• **INFORMATION SHOWN**
--- START ---

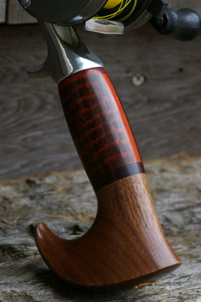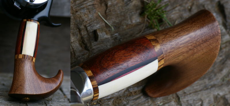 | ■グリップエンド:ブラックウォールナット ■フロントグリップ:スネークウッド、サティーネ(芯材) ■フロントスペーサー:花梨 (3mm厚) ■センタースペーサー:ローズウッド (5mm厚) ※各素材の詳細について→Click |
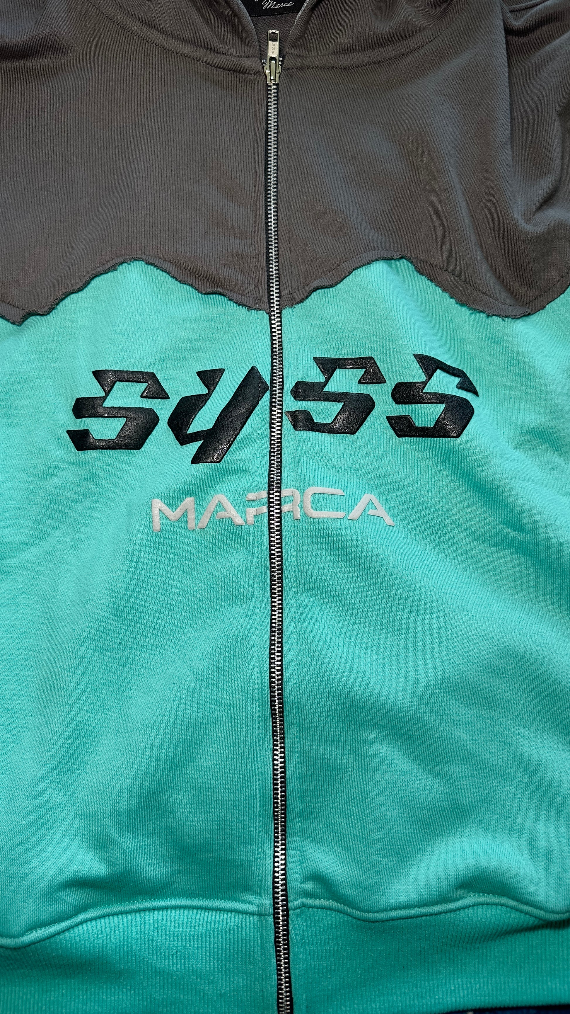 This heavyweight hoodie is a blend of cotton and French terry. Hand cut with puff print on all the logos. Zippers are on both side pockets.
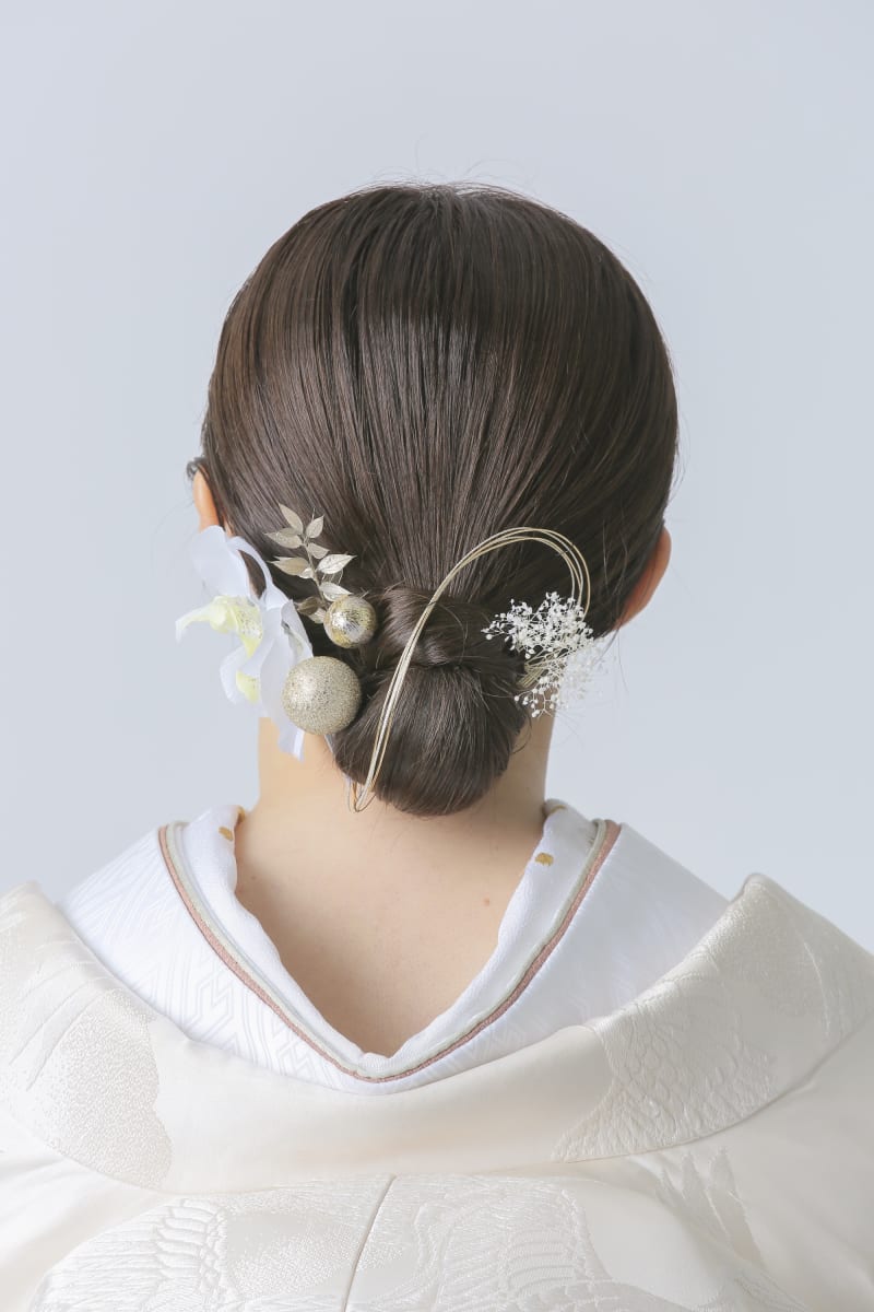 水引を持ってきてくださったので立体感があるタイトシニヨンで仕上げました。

--- END ---
--- START ---

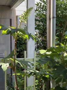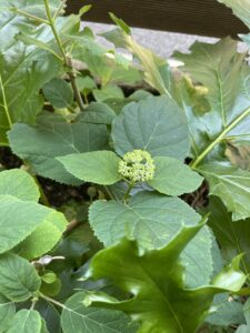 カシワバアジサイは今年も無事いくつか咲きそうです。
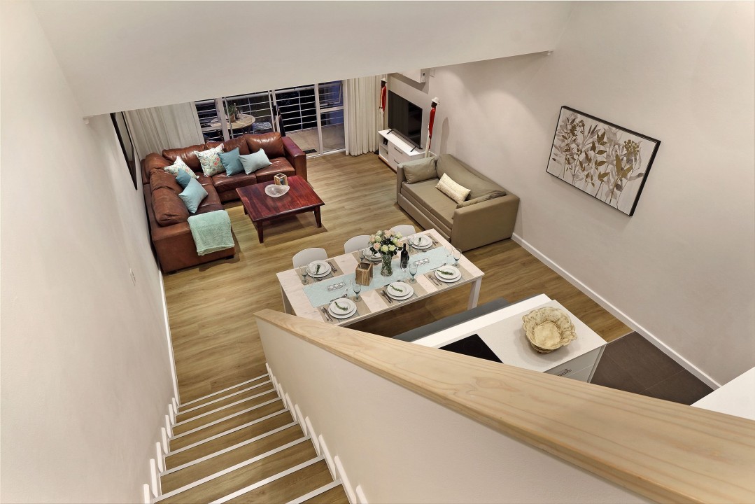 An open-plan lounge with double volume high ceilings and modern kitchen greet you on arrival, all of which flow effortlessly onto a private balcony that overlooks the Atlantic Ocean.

--- END ---
--- START ---

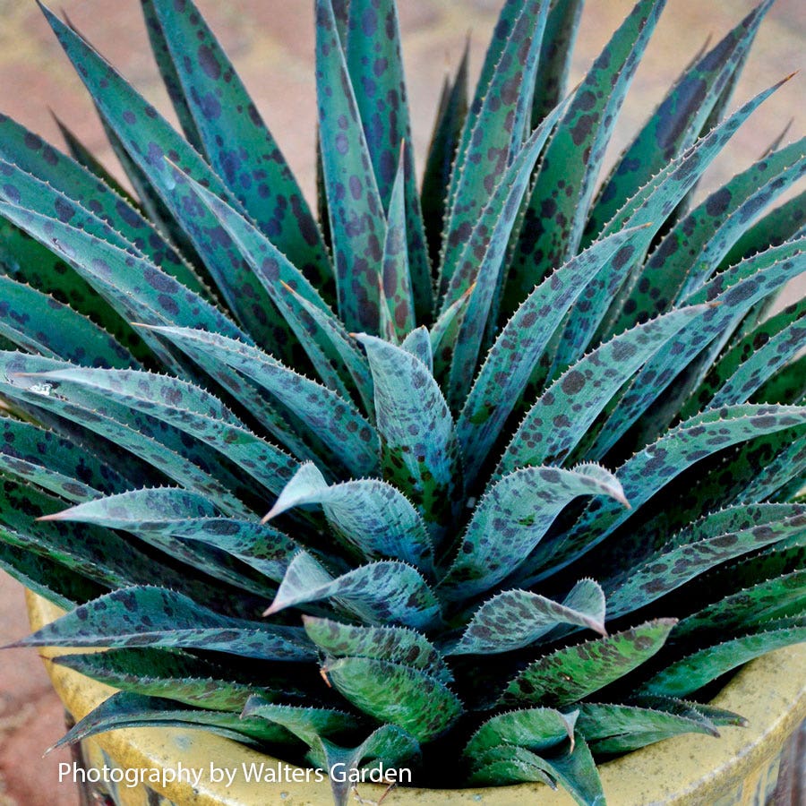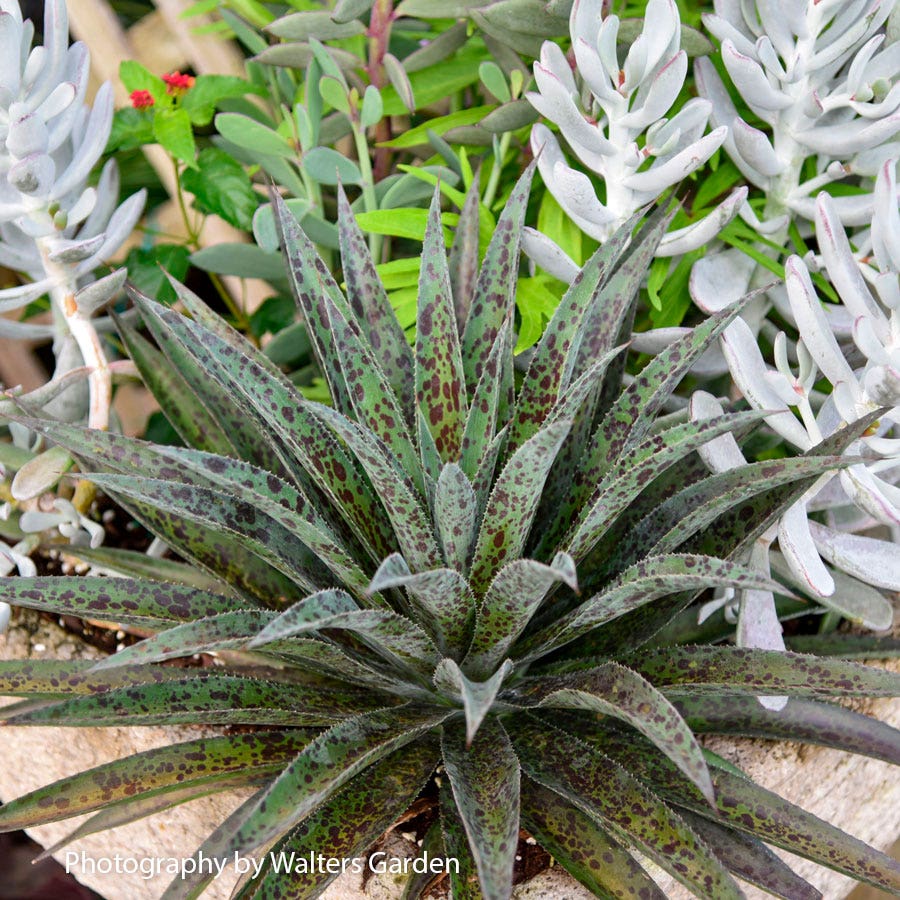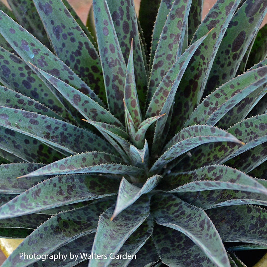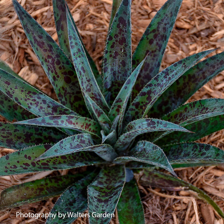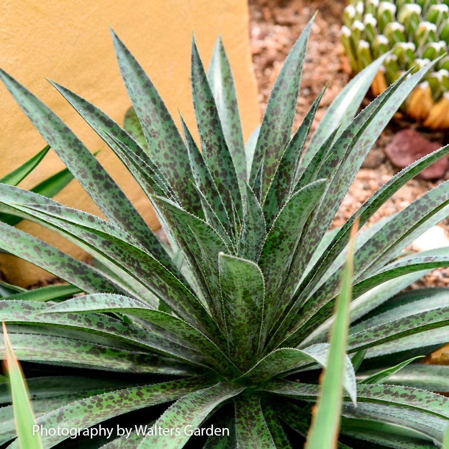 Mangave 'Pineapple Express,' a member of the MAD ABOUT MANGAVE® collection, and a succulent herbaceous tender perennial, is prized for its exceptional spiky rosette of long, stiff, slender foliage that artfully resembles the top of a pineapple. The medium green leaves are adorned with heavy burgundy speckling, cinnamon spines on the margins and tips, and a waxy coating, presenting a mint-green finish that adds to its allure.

--- END ---

• **TASK INSTRUCTIONS**
Find the line with "(5mm厚) ※各素材の詳細について→Click |" in the data above, and from there retype each line exactly through the line with "水引を持ってきてくださったので立体感があるタイトシニヨンで仕上げました。", skipping the pictures along the way.

• **RESULT OF THIS TASK**
 | ■グリップエンド:ブラックウォールナット ■フロントグリップ:スネークウッド、サティーネ(芯材) ■フロントスペーサー:花梨 (3mm厚) ■センタースペーサー:ローズウッド (5mm厚) ※各素材の詳細について→Click |
 This heavyweight hoodie is a blend of cotton and French terry. Hand cut with puff print on all the logos. Zippers are on both side pockets.
 水引を持ってきてくださったので立体感があるタイトシニヨンで仕上げました。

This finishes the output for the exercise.